## Supplied information
* * * * *

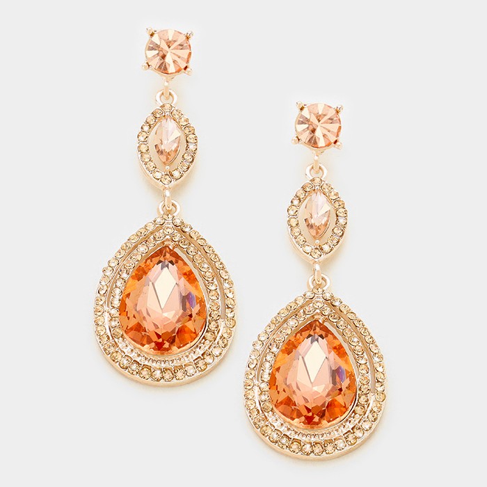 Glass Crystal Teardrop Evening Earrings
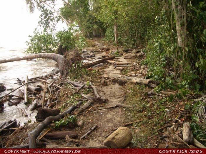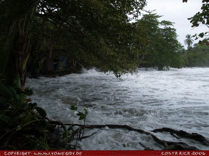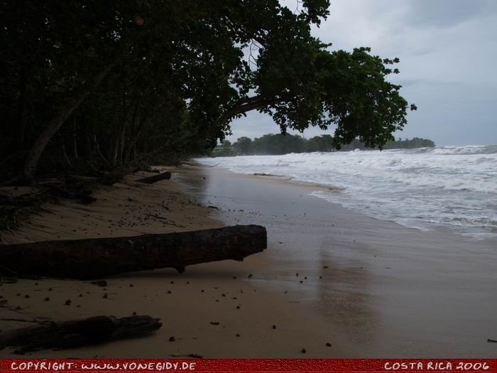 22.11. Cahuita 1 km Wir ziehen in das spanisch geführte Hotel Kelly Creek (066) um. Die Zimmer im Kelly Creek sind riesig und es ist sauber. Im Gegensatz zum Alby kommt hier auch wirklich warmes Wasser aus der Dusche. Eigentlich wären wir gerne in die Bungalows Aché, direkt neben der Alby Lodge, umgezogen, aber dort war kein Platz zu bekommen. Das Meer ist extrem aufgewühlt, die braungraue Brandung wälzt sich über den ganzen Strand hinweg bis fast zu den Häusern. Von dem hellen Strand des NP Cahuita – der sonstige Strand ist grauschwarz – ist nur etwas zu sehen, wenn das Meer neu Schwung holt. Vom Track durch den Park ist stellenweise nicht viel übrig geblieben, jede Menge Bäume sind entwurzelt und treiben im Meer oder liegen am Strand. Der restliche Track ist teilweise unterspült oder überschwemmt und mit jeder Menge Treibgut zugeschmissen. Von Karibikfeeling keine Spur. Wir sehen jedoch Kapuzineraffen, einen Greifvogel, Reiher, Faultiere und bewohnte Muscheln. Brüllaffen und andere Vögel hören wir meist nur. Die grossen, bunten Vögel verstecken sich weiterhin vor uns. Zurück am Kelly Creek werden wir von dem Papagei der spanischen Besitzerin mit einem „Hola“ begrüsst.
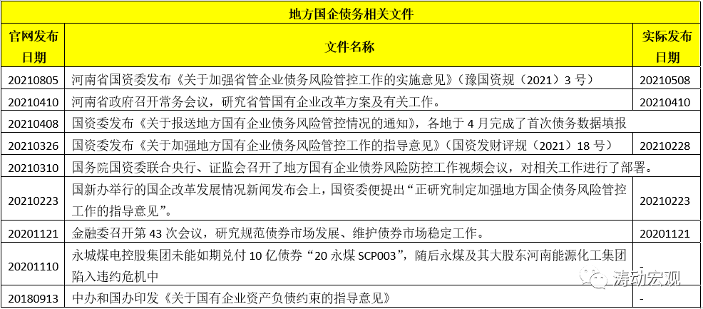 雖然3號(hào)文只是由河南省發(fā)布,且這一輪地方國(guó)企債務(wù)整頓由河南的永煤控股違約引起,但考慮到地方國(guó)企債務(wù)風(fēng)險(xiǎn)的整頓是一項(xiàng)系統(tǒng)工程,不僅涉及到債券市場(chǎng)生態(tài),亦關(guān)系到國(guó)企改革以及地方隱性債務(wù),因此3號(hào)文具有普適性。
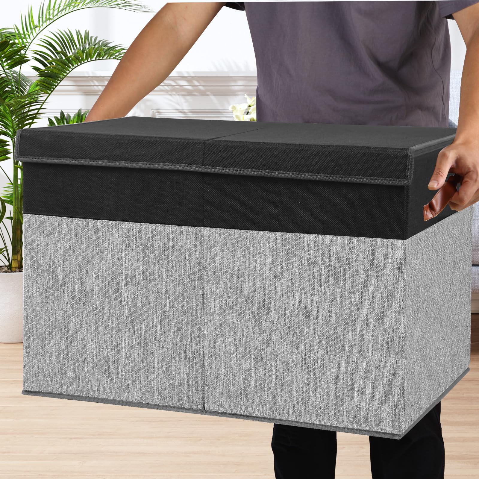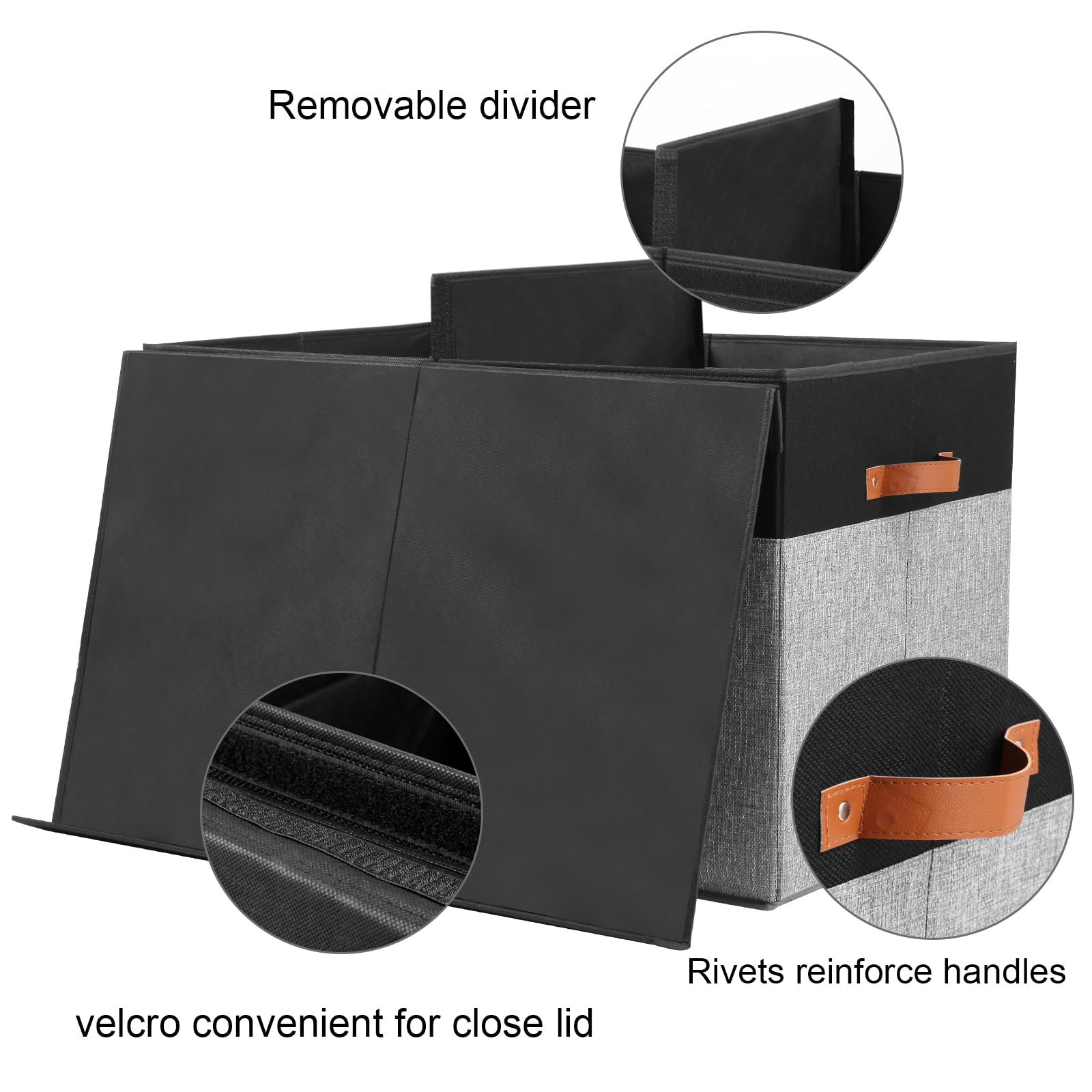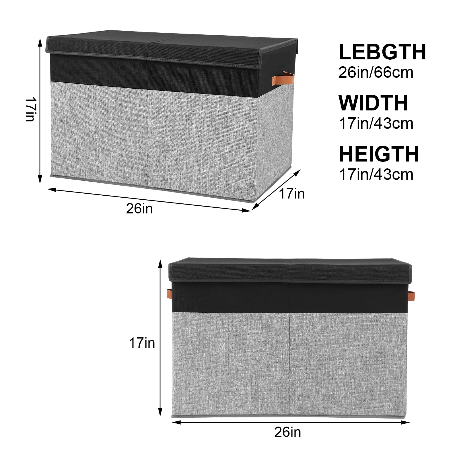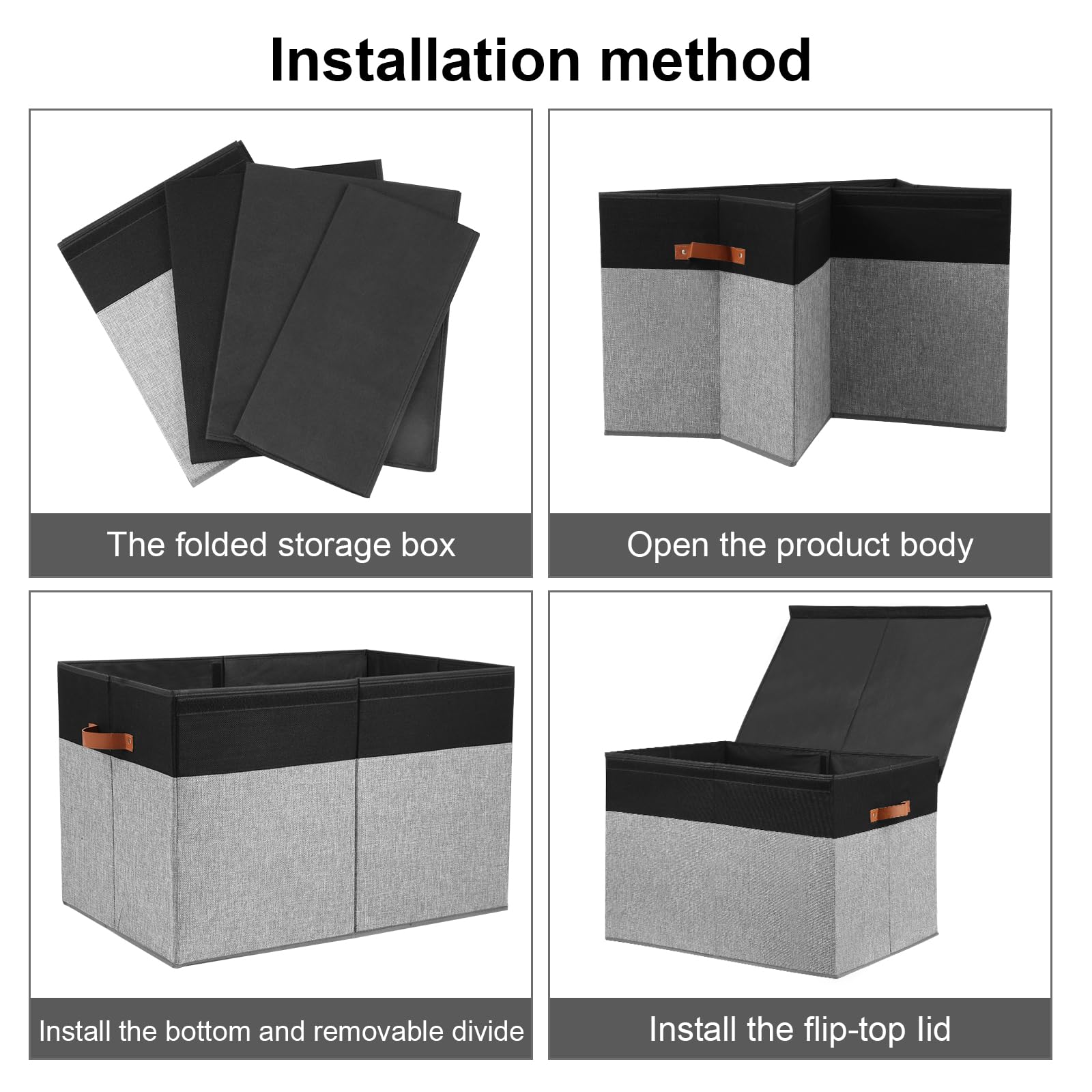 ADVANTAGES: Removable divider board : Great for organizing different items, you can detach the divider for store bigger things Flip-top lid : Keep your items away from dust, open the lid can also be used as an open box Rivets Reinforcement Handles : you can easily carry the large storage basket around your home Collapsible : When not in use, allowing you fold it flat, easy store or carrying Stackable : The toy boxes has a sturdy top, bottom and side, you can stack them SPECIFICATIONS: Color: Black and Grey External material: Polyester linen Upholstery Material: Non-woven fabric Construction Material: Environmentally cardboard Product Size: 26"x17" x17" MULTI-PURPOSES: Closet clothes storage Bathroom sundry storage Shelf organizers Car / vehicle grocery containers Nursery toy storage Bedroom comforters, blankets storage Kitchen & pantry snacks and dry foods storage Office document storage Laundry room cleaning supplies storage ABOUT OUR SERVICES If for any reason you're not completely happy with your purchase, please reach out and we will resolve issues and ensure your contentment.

* * * * *

Copy every line above exactly; images stay out.

 Glass Crystal Teardrop Evening Earrings
 22.11. Cahuita 1 km Wir ziehen in das spanisch geführte Hotel Kelly Creek (066) um. Die Zimmer im Kelly Creek sind riesig und es ist sauber. Im Gegensatz zum Alby kommt hier auch wirklich warmes Wasser aus der Dusche. Eigentlich wären wir gerne in die Bungalows Aché, direkt neben der Alby Lodge, umgezogen, aber dort war kein Platz zu bekommen. Das Meer ist extrem aufgewühlt, die braungraue Brandung wälzt sich über den ganzen Strand hinweg bis fast zu den Häusern. Von dem hellen Strand des NP Cahuita – der sonstige Strand ist grauschwarz – ist nur etwas zu sehen, wenn das Meer neu Schwung holt. Vom Track durch den Park ist stellenweise nicht viel übrig geblieben, jede Menge Bäume sind entwurzelt und treiben im Meer oder liegen am Strand. Der restliche Track ist teilweise unterspült oder überschwemmt und mit jeder Menge Treibgut zugeschmissen. Von Karibikfeeling keine Spur. Wir sehen jedoch Kapuzineraffen, einen Greifvogel, Reiher, Faultiere und bewohnte Muscheln. Brüllaffen und andere Vögel hören wir meist nur. Die grossen, bunten Vögel verstecken sich weiterhin vor uns. Zurück am Kelly Creek werden wir von dem Papagei der spanischen Besitzerin mit einem „Hola“ begrüsst.
 雖然3號(hào)文只是由河南省發(fā)布,且這一輪地方國(guó)企債務(wù)整頓由河南的永煤控股違約引起,但考慮到地方國(guó)企債務(wù)風(fēng)險(xiǎn)的整頓是一項(xiàng)系統(tǒng)工程,不僅涉及到債券市場(chǎng)生態(tài),亦關(guān)系到國(guó)企改革以及地方隱性債務(wù),因此3號(hào)文具有普適性。
 ADVANTAGES: Removable divider board : Great for organizing different items, you can detach the divider for store bigger things Flip-top lid : Keep your items away from dust, open the lid can also be used as an open box Rivets Reinforcement Handles : you can easily carry the large storage basket around your home Collapsible : When not in use, allowing you fold it flat, easy store or carrying Stackable : The toy boxes has a sturdy top, bottom and side, you can stack them SPECIFICATIONS: Color: Black and Grey External material: Polyester linen Upholstery Material: Non-woven fabric Construction Material: Environmentally cardboard Product Size: 26"x17" x17" MULTI-PURPOSES: Closet clothes storage Bathroom sundry storage Shelf organizers Car / vehicle grocery containers Nursery toy storage Bedroom comforters, blankets storage Kitchen & pantry snacks and dry foods storage Office document storage Laundry room cleaning supplies storage ABOUT OUR SERVICES If for any reason you're not completely happy with your purchase, please reach out and we will resolve issues and ensure your contentment.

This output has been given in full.